According to an international consensus statement, ANCA testing should include screening with IIFT and confirmation in MPO- and PR3-ANCA-specific assays (13). As a multiplexing approach, the EUROIMMUN EUROPLUS™ Granulocyte Mosaic (IgG) system combines the conventional cell substrates and single microdots of purified PR3 and MPO as biochips in one incubation field of a microscope slide (Figure 1) (14). Besides the simultaneous observation of ANCA IIFT patterns on ethanol- and formalin-fixed granulocytes, the test system allows for exclusion of ANA interference due to the combined HEp-2/ethanol-fixed granulocyte substrate as well as for the monospecific determination of MPO- and PR3-reactivity. This combination greatly facilitates the interpretation of the ANCA IIFT patterns and has shown a high concordance with a reference multi-testing algorithm [based on the combination of IIFT with ethanol-fixed granulocytes (IgG) as well as direct and capture ELISAs for both MPO- and PR3-ANCA (IgG)] (14).

Additionally, the EUROPLUS™ Granulocyte Mosaic can be supplemented with microdots of GBM antigen in order to analyze for potential anti-GBM antibodies (see Glomerular Basement Membrane Autoantibodies in Goodpasture’s Disease).

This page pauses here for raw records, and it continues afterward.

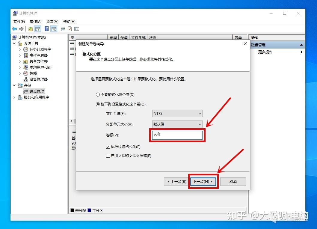 當窗口切換到這裏需要注意,這裏最後一個選項的「卷標」,這就是我們給創造出來的新盤起的名字,可以隨意使用中英文代替。需要注意的是,某些程序,就是軟件、遊戲的安裝是要求卷標爲全英文,所以我一般用soft、work來代替;改好卷標後,點擊下一步;
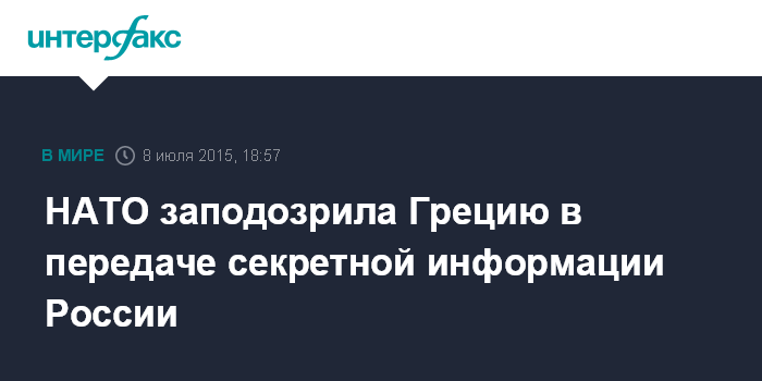 Москва. 8 июля. INTERFAX.RU - В НАТО полагают, что греческая сторона передает России секретные данные, которые Афины получают от союзников по Североатлантическому альянсу, сообщило в среду американское издание The Daily Beast, ссылаясь на информированные источники в западных спецслужбах.
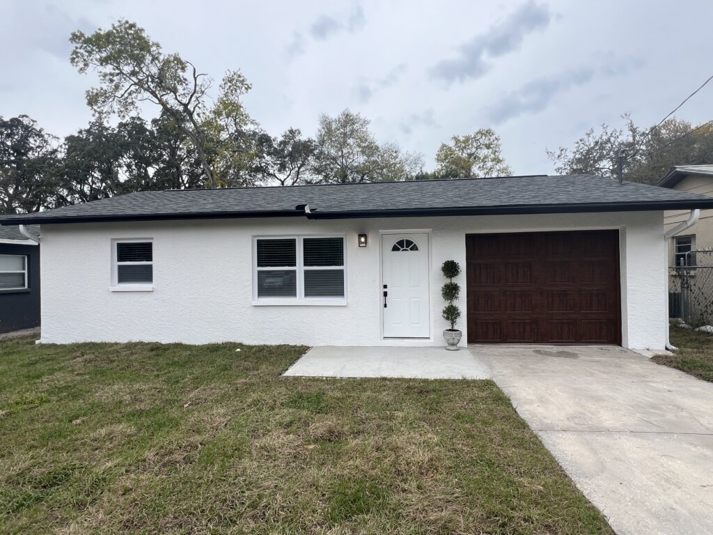 In the end this house had a new roof, new A/C, new windows, flooring, a kitchen and bathrooms, LED lighting, landscaping and a lawn, lot cleared up to look like a home and painted inside and out.
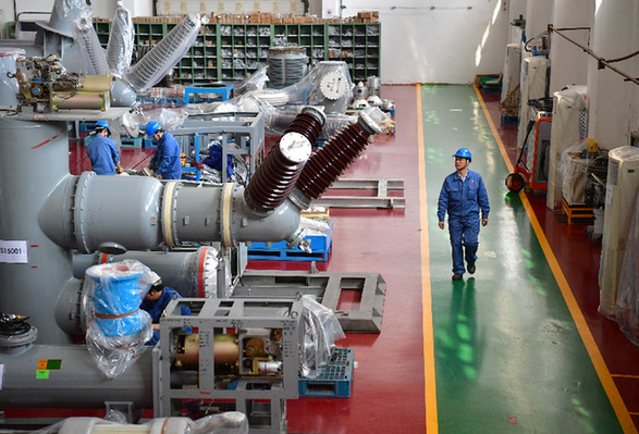 工作人員在中國(guó)西電集團(tuán)西安西電開(kāi)關(guān)電氣有限公司試制車間巡視設(shè)備。記者 邵瑞 攝
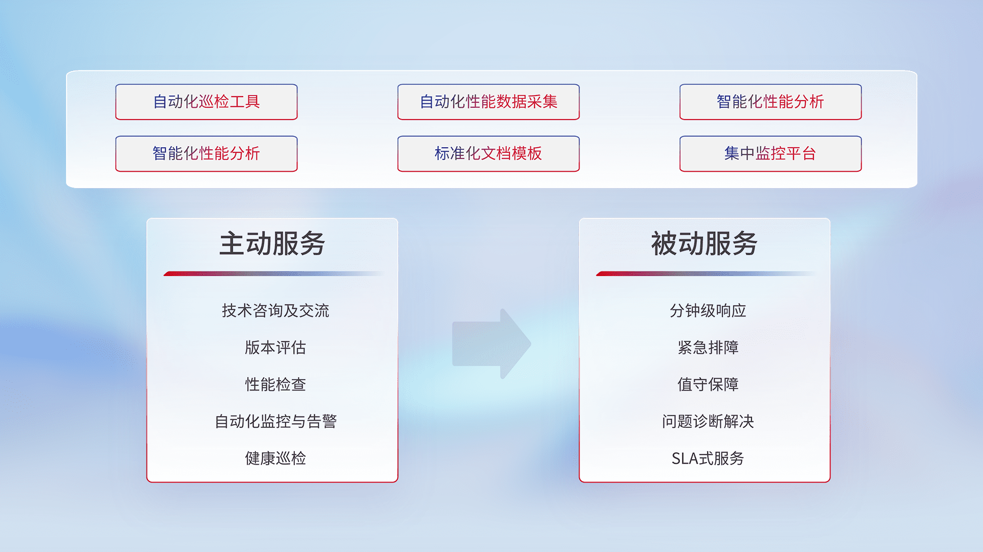 智能化工具和标准化文档,,,保障服务质量,,提供主动服务(包含技术咨询、、版本评估、、、、性能检查、、、、自动化监控与告警、、、健康巡检)和被动服务包含(分钟级响应、、紧急排障、、值守保障、、问题诊断解决、、、、SLA服务)。。
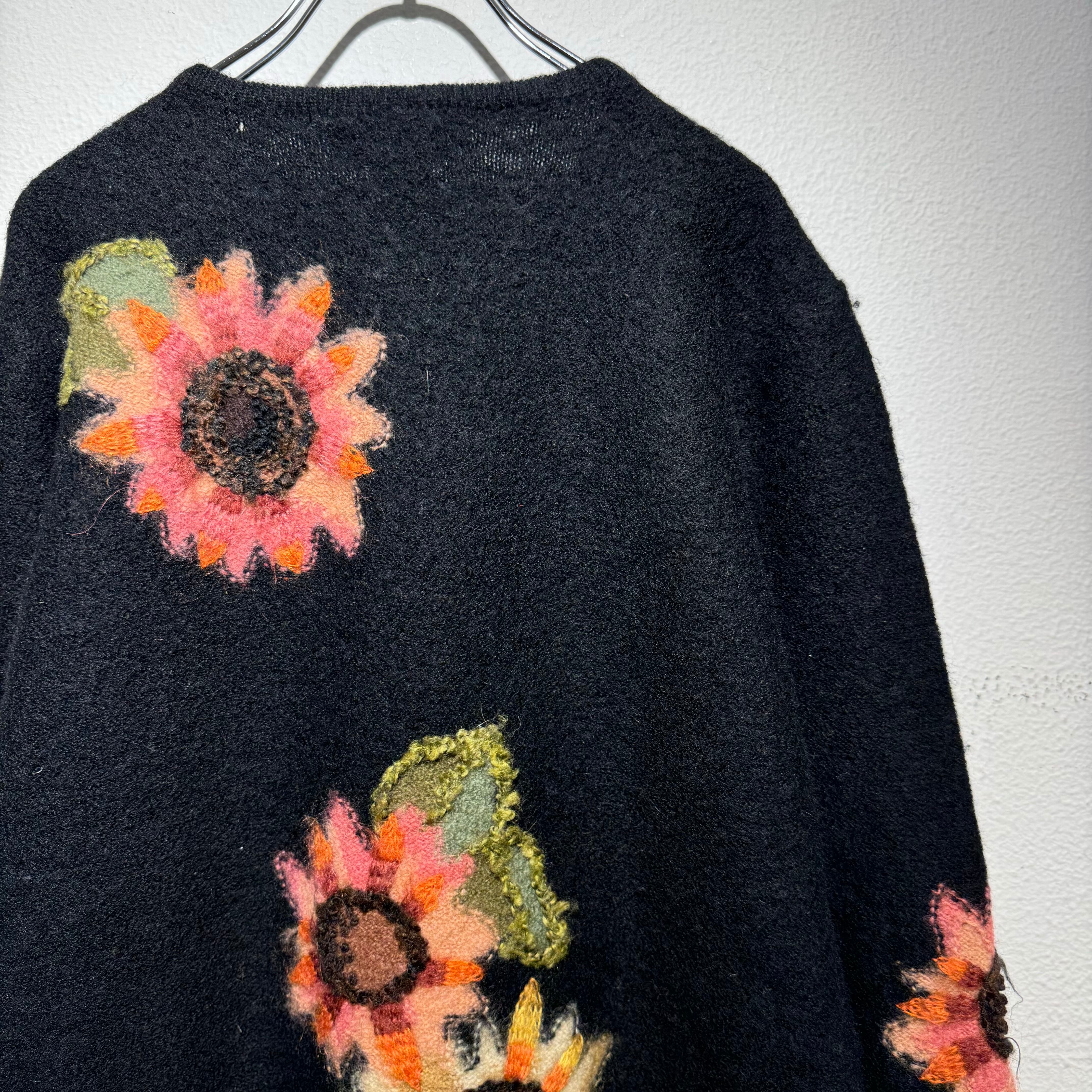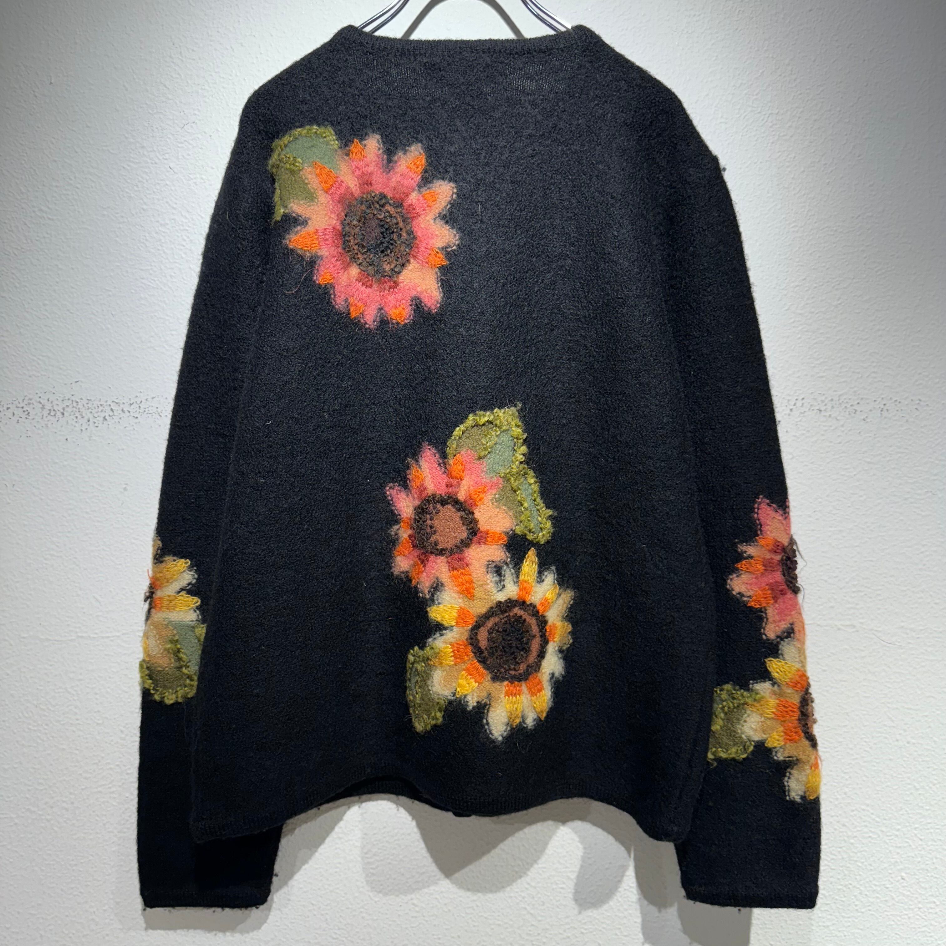 ひまわりの刺繍が可愛らしいニットカーディガン。
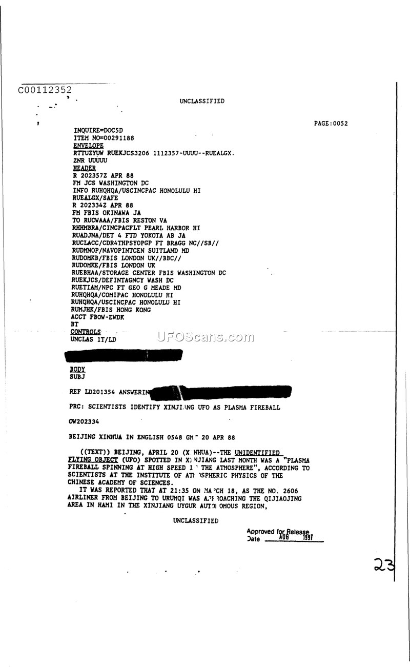 A 1988 intelligence report confirms that Chinese scientists identified a UFO sighted by an airliner crew in Xinjiang as a plasma fireball. The sighting occurred on March 18, 1988, near Hami.
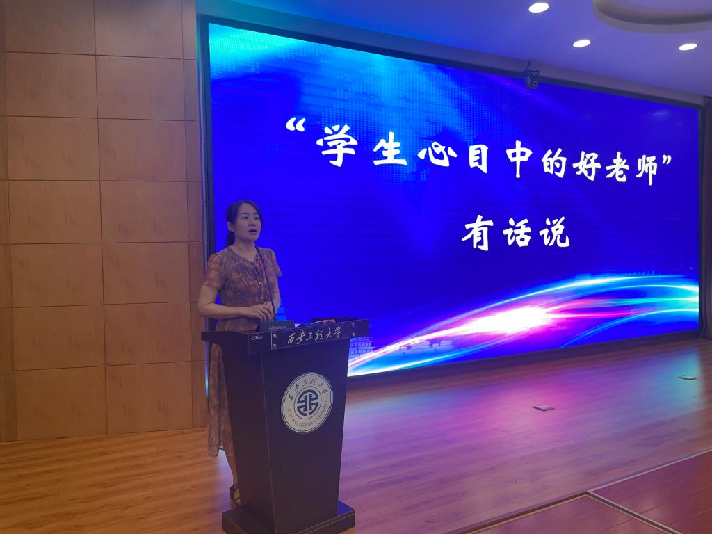 随后,吴桂芹老师发言。她结合自身课堂上的教学经历,娓娓道来对同学们的期待:端正态度,拒绝佛系躺平,踏实学习获得底气;遵守规则,全力以赴行动,敬畏诚信保证公平;融入文化,参与学风建设,形成互助良好氛
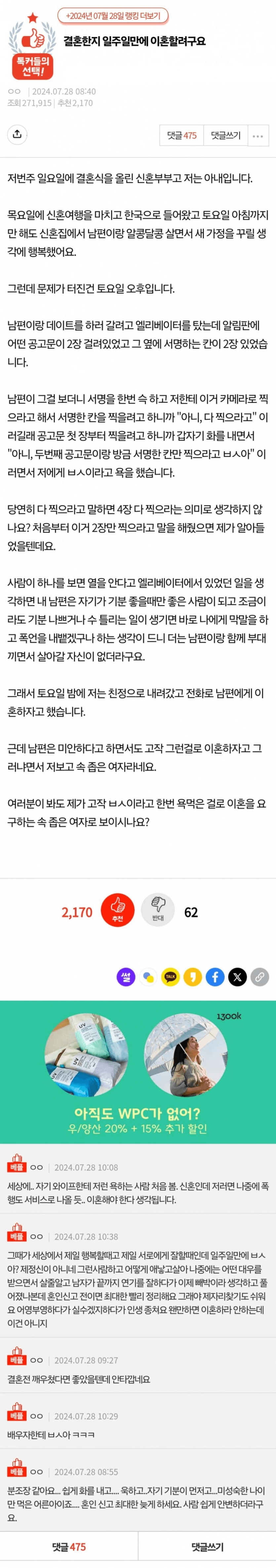 결혼한지 일주일만에 이혼하려고 하는 아내..
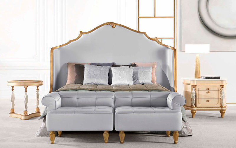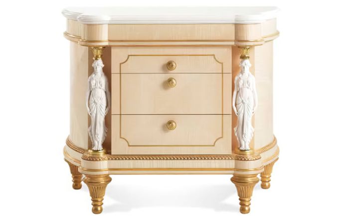 Elegant and graceful, Torchon is a Louis XIV style night table, with base in brass, maple structure and top in decorated leather. A perfect support base for lamps, books and magazines, it enhances the setting with style and delicacy.

A further major advance in ANCA testing is the recent development of an ELISA based on a novel PR3 diagnostic antigen, which consists of a mixture of human native (hn) PR3 and human cell-expressed recombinant (hr) designer PR3, exhibiting modified N- and C-terminal signal sequences as well as an inactivated enzymatic core (15). At a defined specificity of 99%, sensitivity of the EUROIMMUN Anti-PR3-hn-hr ELISA (IgG) is significantly higher (95%) than sensitivity of other ELISA based only on native antigen [Anti-PR3-hn ELISA (IgG): 80%, Anti-PR3 Capture ELISA (IgG): 77%]. In addition to its excellent diagnostic performance, the ELISA also allows for a good predictability of clinical relapses in patients with PR3-AAV.

Concluding Remarks

Autoantibodies can be found in several forms of nephropathies. They can either be directed against kidney-specific autoantigens or against ubiquitous antigens as in systemic autoimmune diseases with renal manifestations. Recent developments in autoantibody diagnostics in nephrology include the identification of PLA2R and THSD7A as antigenic targets in pMN, as well as considerable improvements in sensitivity, specificity, and convenience of test systems for anti-dsDNA, ANuA, ANCA, and anti-GBM. These advances have boosted the ease, reliability, and relevance of autoantibody testing, aiding the diagnosis of autoimmune nephropathies, especially in early stages. This is crucial for the decision on interventional therapy, e.g. with immunosuppressants, which can help to delay the serious and irreversible damage that occurs with disease progression. This, in turn, may circumvent the need for intensive and distressing end-stage procedures such as dialysis and transplantation – a boon for patients to the benefit of healthcare system.

Conflict of Interest Statement

Wolfgang Schlumberger is a board member and Nora Hornig is employee of EUROIMMUN AG. Gianna Mastroianni-Kirsztajn declares that the research was conducted in the absence of any commercial or financial relationships that could be construed as a potential conflict of interest.